According to a fifth aspect of the present invention, there is provided a plasma processing apparatus comprising a plasma generation chamber, a support means for supporting an article, a gas introducing means for introducing a gas into the plasma generation chamber, an evacuation means for evacuating the plasma generation chamber, and a microwave applicator for supplying microwaves into the plasma generation chamber, the microwave applicator comprising a circular waveguide with a plurality of slots, at least two introducing ports provided in the circular waveguide, and an E-plane junction for introducing microwaves into the introducing ports such that the electric field vectors are in directions opposite to each other.
According to a sixth aspect of the present invention, there is provided a plasma processing method which uses a plasma processing apparatus comprising a plasma generation chamber, a support means for supporting an article, a gas introducing means for introducing a gas into the plasma generation chamber, an evacuation means for evacuating the plasma generation chamber, and a microwave applicator for supplying microwaves into the plasma generation chamber, the method comprising introducing microwaves distributed by use of an E-plane junction into at least two introducing ports such that the electric field vectors are in directions opposite to each other, and supplying microwaves introduced from the introducing ports into the plasma generation chamber through a slot provided in a circular waveguide, thereby processing an article.

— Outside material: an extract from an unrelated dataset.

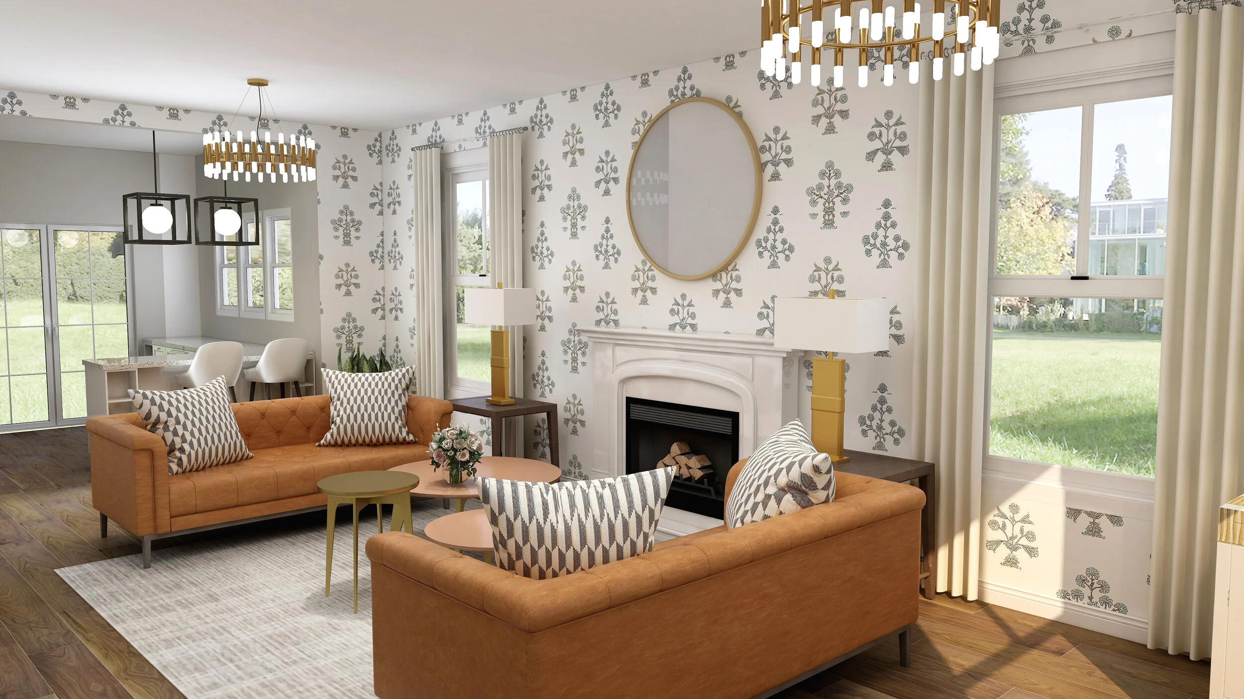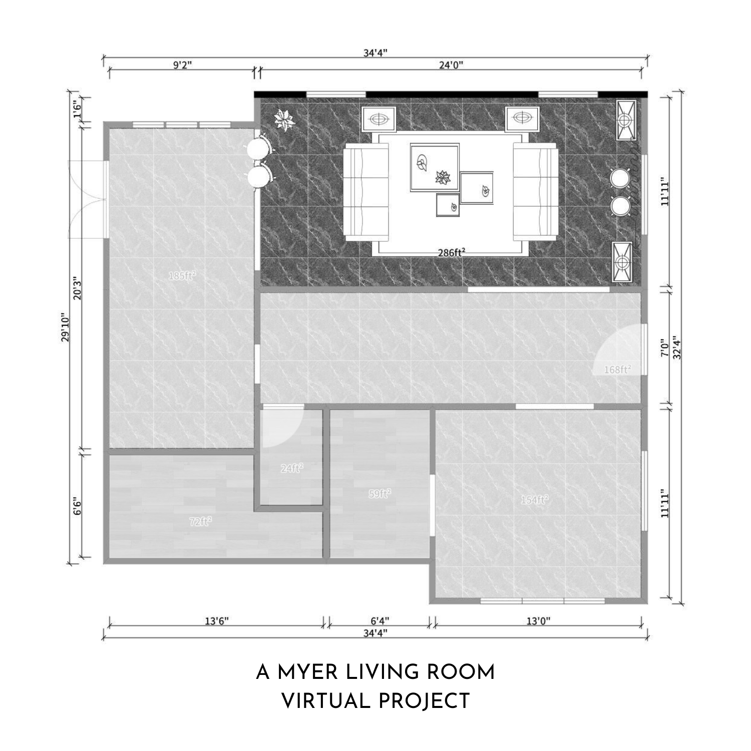 The design directive I used to develop the spatial concept was to create a single livable zone that emphasized the symmetrical architectural features of the room. Addressing the pair of overhead chandeliers created the biggest furniture placement challenge. They are a large focal point in the room and feel very far apart for a single living zone, but also too close together to effectively plan two separate living zones.

According to a seventh aspect of the present invention, there is provided a plasma processing apparatus comprising a plasma generation chamber, a support means for supporting an article, a gas introducing means for introducing a gas into the plasma generation chamber, an evacuation means for evacuating the plasma generation chamber, and a microwave applicator for supplying microwaves into the plasma generation chamber, the microwave applicator comprising a circular waveguide with a plurality of slots, at least two introducing ports provided in the circular waveguide, and an H-plane junction for introducing microwaves into the introducing ports such that the electric field vectors are in directions equal to each other.
According to an eighth aspect of the present invention, there is provided a plasma processing method which uses a plasma processing apparatus comprising a plasma generation chamber, a support means for supporting an article, a gas introducing means for introducing a gas into the plasma generation chamber, an evacuation means for evacuating the plasma generation chamber, and a microwave applicator for supplying microwaves into the plasma generation chamber, the method comprising introducing microwaves distributed by use of an H-plane junction into at least two introducing ports such that the electric field vectors are in directions equal to each other, and supplying microwaves introduced from the introducing ports into the plasma generation chamber through a slot provided in a circular waveguide, thereby processing an article.